I have asked recently why Spanish was selected as the target language for Eden Prairie's immersion school. We have learned that the school's principal--Elizabeth Linares--takes no official position on the question. Ms. Linares has promised further information from the district--and I have just reminded Camie Melton Hanily of Principal Linares' promised response.
A commenter speculates on the districts' reasoning:
Part of it is probably motivated by staffing. I'm an Arabic teacher at a local high school, but I know the job search to fill my position was very difficult. In the end, they asked me to apply. There simply aren't a lot of licensed Arabic teachers in Minnesota. We also have a dearth of Somali speakers with education backgrounds. The Academy of Nations in Minneapolis, a school for immigrants and refugees, has partly staffed with such individuals, but for elementary school teachers you'd likely have a more difficult time finding enough qualified individuals.
The other aspect is probably curriculum. Spanish curriculum for all ages is very well developed - there is a current methodology and plenty of resources, books, and materials. Not so much for Arabic - we have one college level textbook and some religious training materials, but Arabic translations of works for young children are lacking and difficult to obtain. Everyone disagrees on the methodology. I'd suspect Somali language education faces the same difficulties.
If sufficient curriculum and staffing were available, do you think Eden Prairie would have selected Arabic as the target language/culture for its immersion school? Imagine: A secular, pan-Arab decor--with a strenuous devotion to gender equity--celebrating various Arab holidays and customs?

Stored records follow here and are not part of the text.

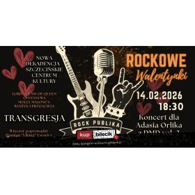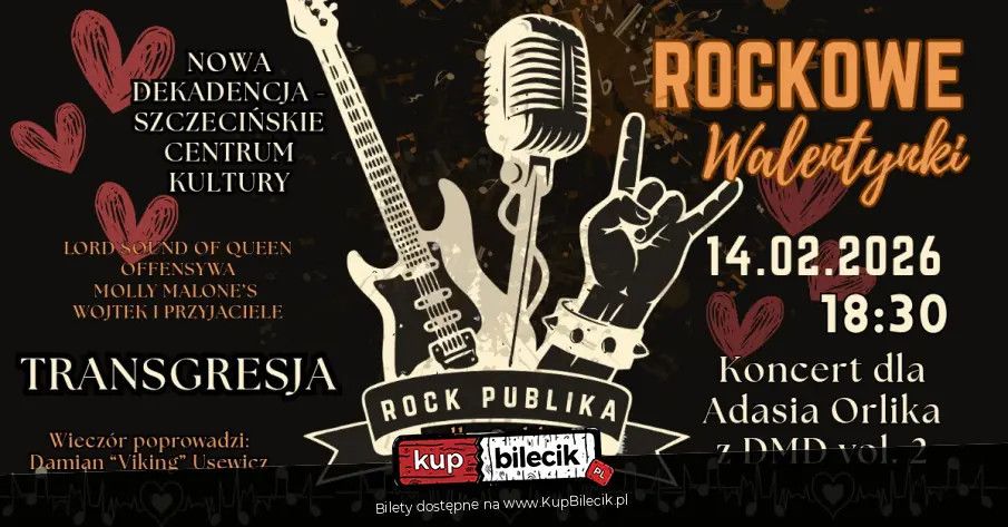 bilety: "Rock Publika Dla Orlika" - event charytatywny na rzecz Adasia Orlika. Na scenie Nowej Dekadencji w Szczecinie wystąpią: Przygotowaliśmy dla Was dwa rodzaje biletów/cegiełek: Transgresja artyści: Paweł Gładysz Gładky, Mateusz Kołodziejczyk Komin, Marcin Bula Bulion i inniTRANSGRESJA to Śląsko-dąbrowski zespół, który swoimi kompozycjami wciąga w świat energetyzującego psychodelicznego rocka. Tajemniczej i mrocznej, a przy tym melodyjnej muzyce towarzyszą tu niesztampowe lirycznie teksty. Bilety do nabycia na: KupBilecik.pl |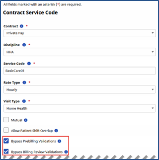 The below-listed Prebilling validations are exempt if Prebilling Bypass options are selected for Service Codes assigned to scheduled visits.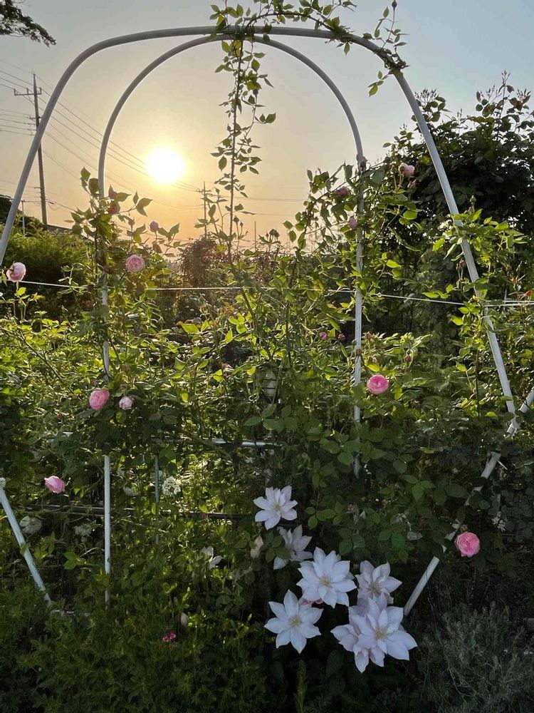 夕陽に白いクレマチスが浮き上がり素敵(*´艸`)🎶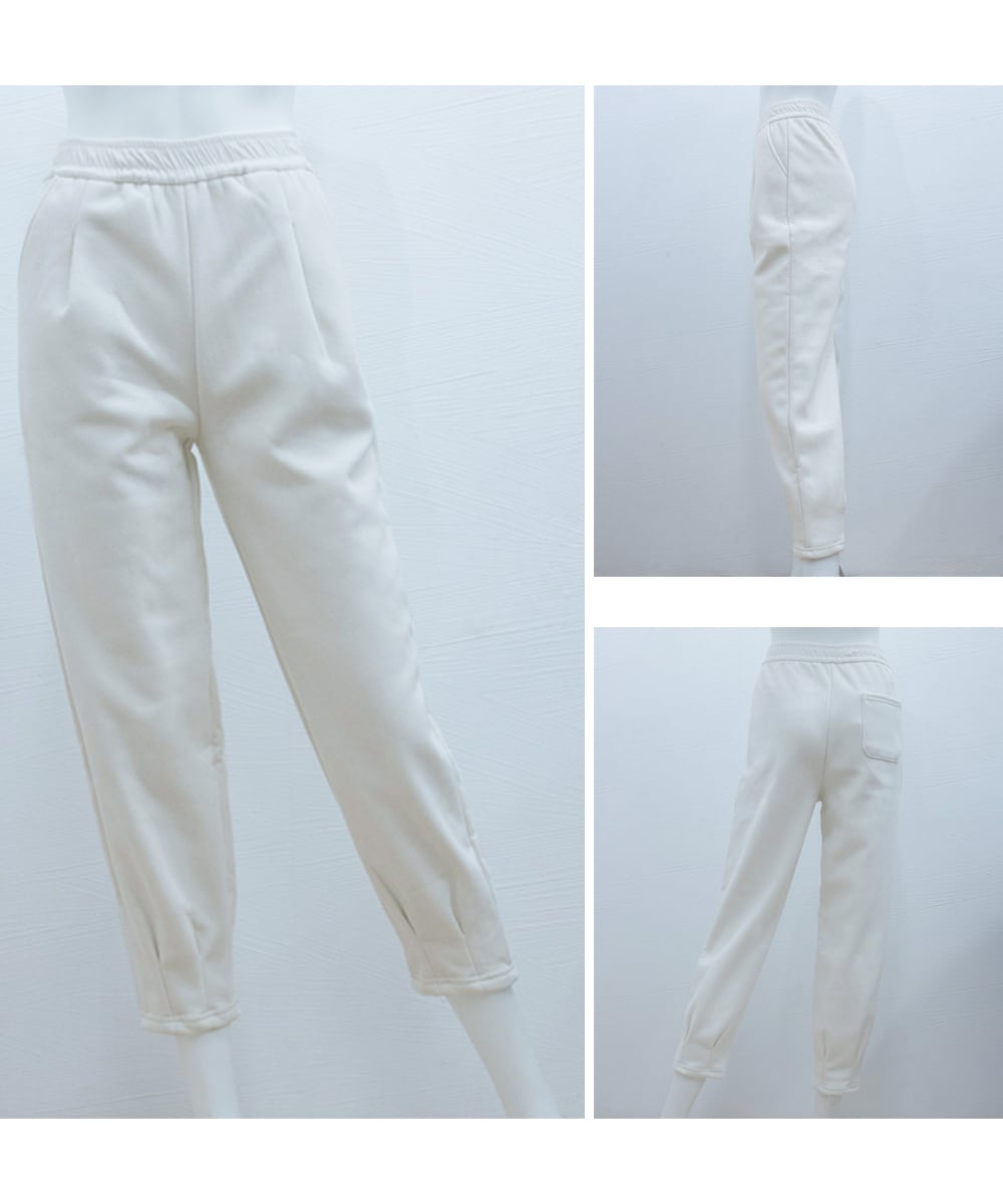 防寒裏フリースパンツレディース ウエストゴムパンツカジュアルきれいめ タック入りパンツあったか楽ちん アンクルパンツ秋冬

I don't think we are capable of creating non-Disneyfied immersive foreign environments. In response to this difficulty, we have selected the prominent world language/culture least required for our future economic and diplomatic success--as we already have numerous people with this ability. The school will do nothing to benefit the social advancement of American Hispanics. Perhaps Camie Melton Hanily will persuade me, once she unveils her promised response (a fortnight's prep-time having already been allotted to her email); as of now, I say mothball Eagle Heights.

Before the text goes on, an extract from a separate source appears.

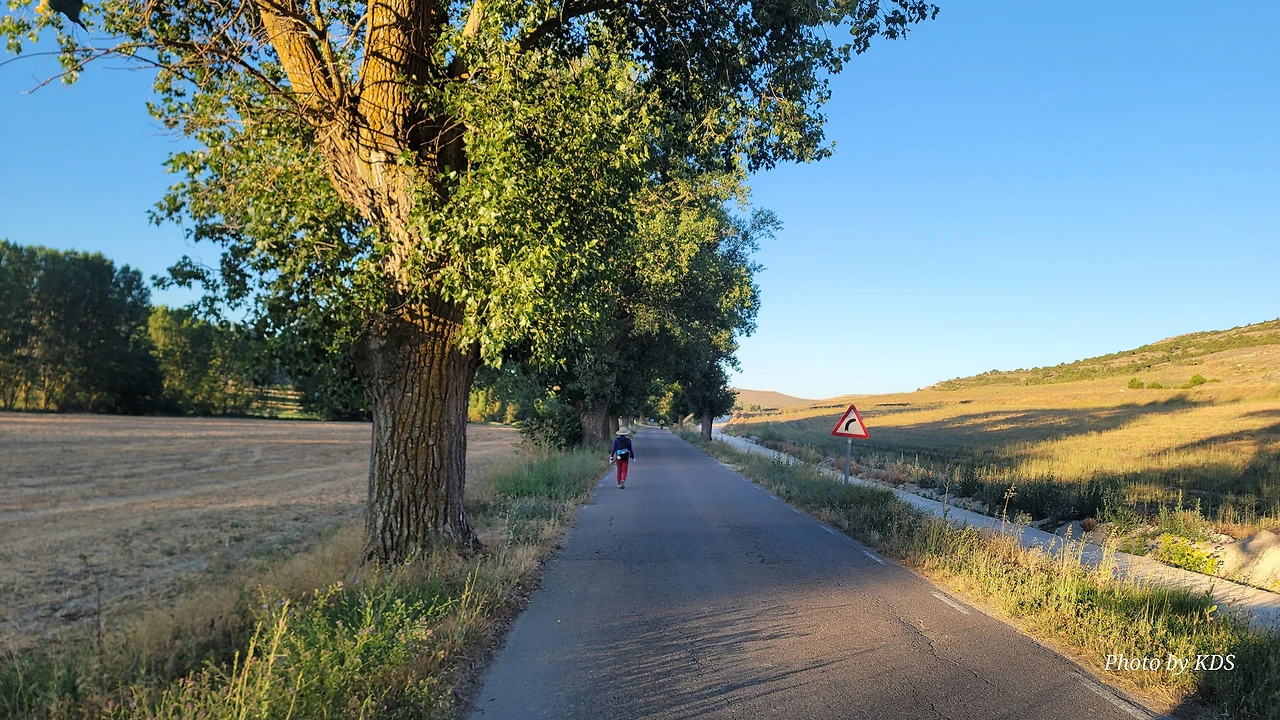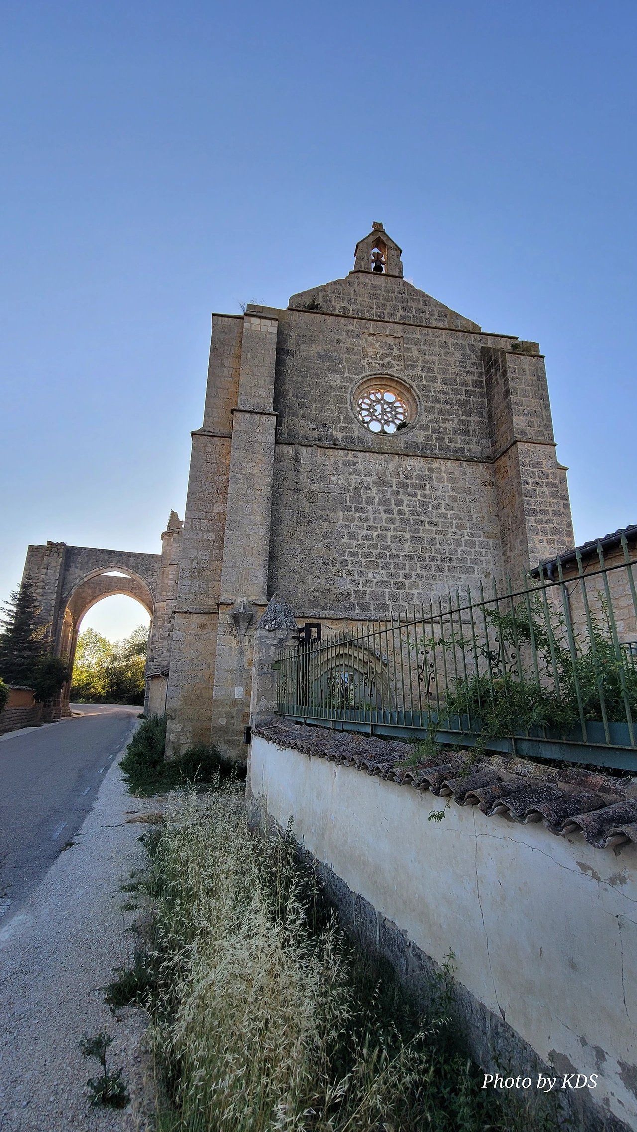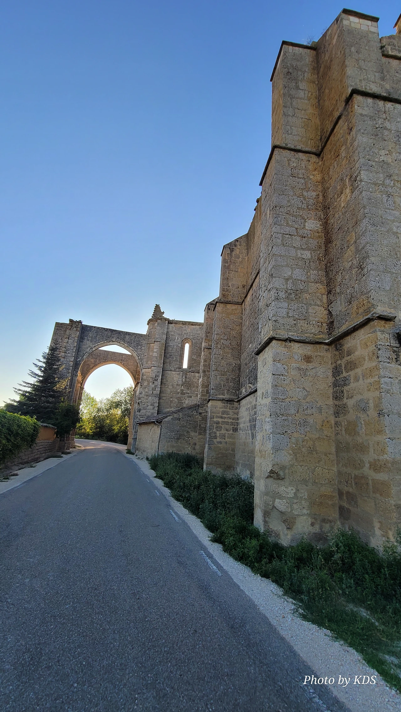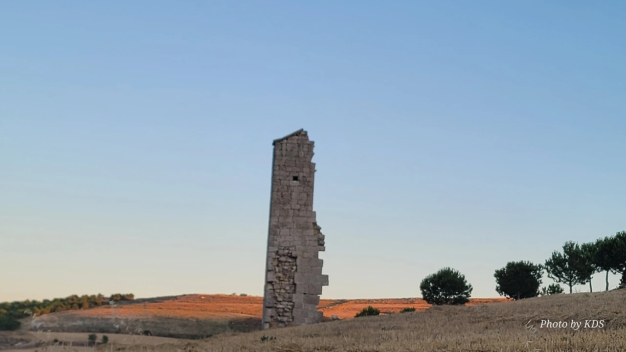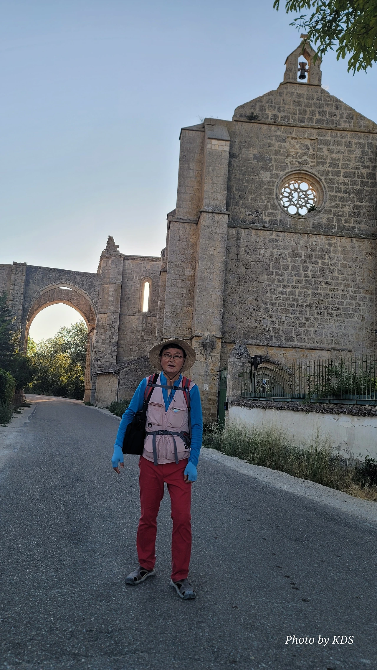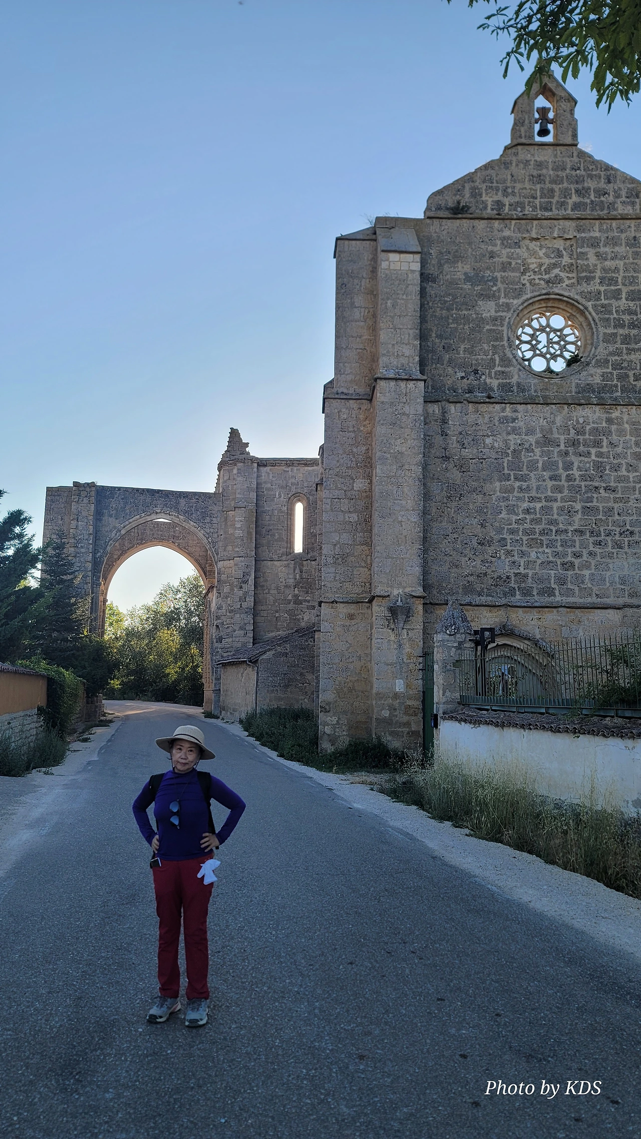 온타나스(Hontanas)에서 즐거운 밤을 보내고 7월 29일 아침 6시 40분경에 숙소를 나섰다. 오늘도 평원을 가로 딜러 걷는 길이다. 마을을 빠져나와서 가르반수엘라 시내(Arroyo de Garbanzuela)를 건너서 약간의 오르막 지대를 올라간다. 언덕의 중간쯤에 거대한 석탑 모양이 눈에 들어온다. 가까이 다가가서 보니 석탑이 아니고 허물어진 유적의 일부였다. 바로 산 비센떼 성당(Ermita de San Vicente)의 유적이다. 까스뜨로헤리스(Castrojeriz) 마을로 향하는 언덕 기슭 까미노의 오른쪽으로 서있는 건축물로 현재는 모퉁이의 벽체만 남은 유적이었다. 과거 순례길이 번창하였을 때 있었던 성당인데 이제 그 잔해만 남아 옛 영광을 기록하고 있다. 성당의 집터와 주변의 돌담은 아직도 남아 있었다. 나머지는 모두 농경지로 변했다. 벽체의 남은 부분이 곧 쓸러 질까 위태위태한 모습으로 서 있어서 조선 과객이 보기에 안타까운 모습이다.

Anti-foreign bias is common and bad, both here and elsewhere. Suggestions for reducing the ethnocentrism prevailing in our community, country and world are ever welcome. That said, I don't much welcome ill-reasoned, wasteful proposals. (Disneyfication is not a countermeasure to ethnocentrism; it is ethnocentrism.)

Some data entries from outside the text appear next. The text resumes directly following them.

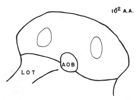 Density patterns in the glomerular layer related to stimulation with amyl acetate (A.A.) odor at 1:100 flow dilution. AOB: accessory olfactory bulb; LOT: lateral olfactory tract. Left olfactory bulb: solid lines; right olfactory bulb: dashed lines.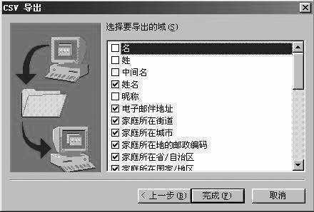 4.弹出“CSV导出”对话框,单击“浏览”按钮,选择存储路径并输入文件名,格式为.csv,单击“确定”按钮。接着单击“下一步”按钮,又弹出“CSV导出”对话框(如图7所示)。勾选你要导出的域,单击“完成”按钮即可。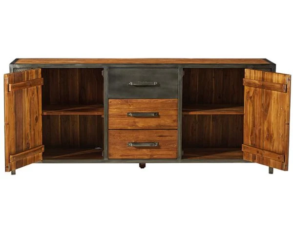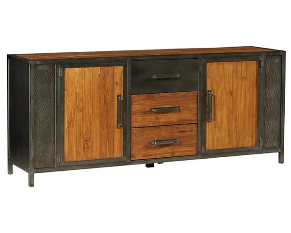 Avec son look factory, son bois exotique recyclé et sa structure en fer vieilli, le buffet bas « Talmo » va séduire à coup sûr les amateurs de déco industrielle.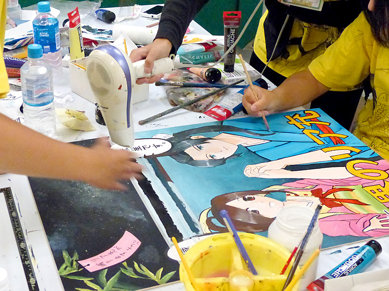 前日の深夜まで敗者復活をかけて「女子力男子」のテーマで作品を描いた選手が、早朝に敗者復活戦の審査会場となる『ひろめ市場』に集まりました。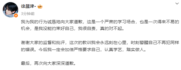 11月14日,徐晟津发文道歉:“我为我的行为诚恳地向大家道歉,这是一个严肃的学习场合,也是一次得来不易的机会,是我没能约束好自己,我很自责,真的对不起。谢谢大家的监督和批评,这次的教训我会永远刻在心里,时刻警醒自己不再犯同样的错误。今后我一定会加倍严格要求自己,认真学艺,踏实做人。最后,再次向大家深深道歉。 ”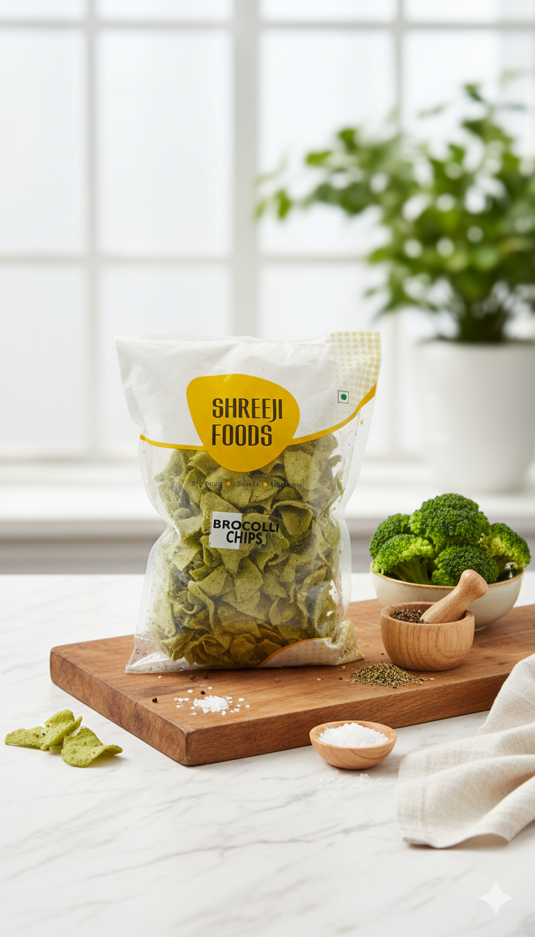 Roasted Broccoli Chips are a crunchy, nutrient-rich snack made from fresh broccoli, gently roasted to preserve flavor and vitamins. Lightly seasoned for natural taste, these chips are perfect for health-conscious snacking. Enjoy them as a tea-time treat, a party snack, or a wholesome anytime munch.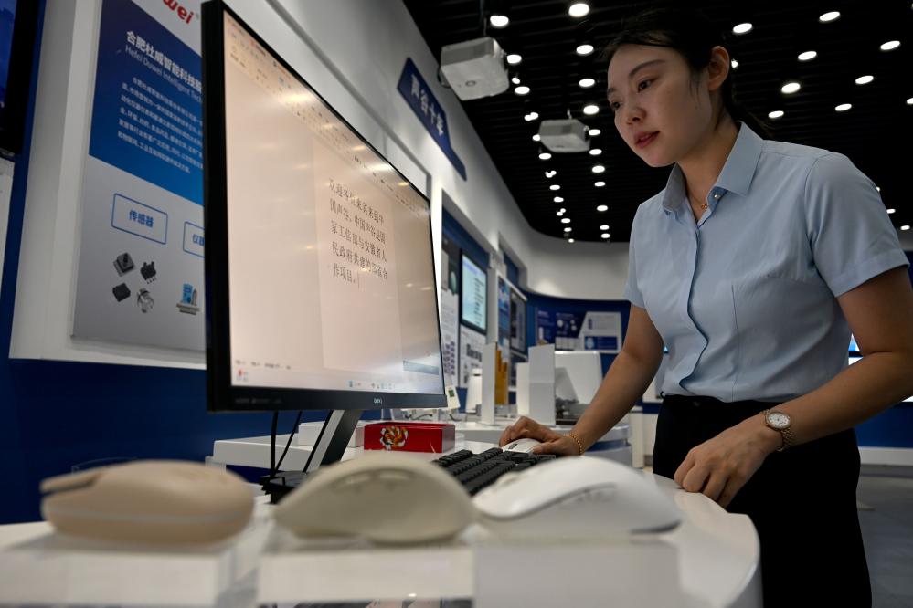 2024年9月20日,工作人员在位于安徽省合肥市的“中国声谷”体验中心演示一款带有语音识别输入功能的智能鼠标。新华社记者 黄博涵 摄

The Eden Prairie school district has produced an excruciating ten-minute propaganda video in support of its own supposed purity--with the standard 'upbeat' New Age musical accompaniment, 'anonymous' African proverbs and tacked-on, base-touching quotations from Colin Powell and Nelson Mandela. Teachers spew out the expected PC shibboleths, such as:
I love when kids bring in different aspects of their lives and cultures and different things like that and ways that I can figure out my skill of teaching and helping each one of those students be successful.
Windlan Hall – math
I teach from a multicultural perspective and I oftentimes will bring in things like music and that and comment on the importance of different cultures and I think that draws in a lot of different types of students and makes them interested in learning. Rob Gordon – social studies
As a liberal I'd rather like to take the integrationist side within the current boundaries dispute. But the district's dirigiste contempt for honest discussion leaves me cold.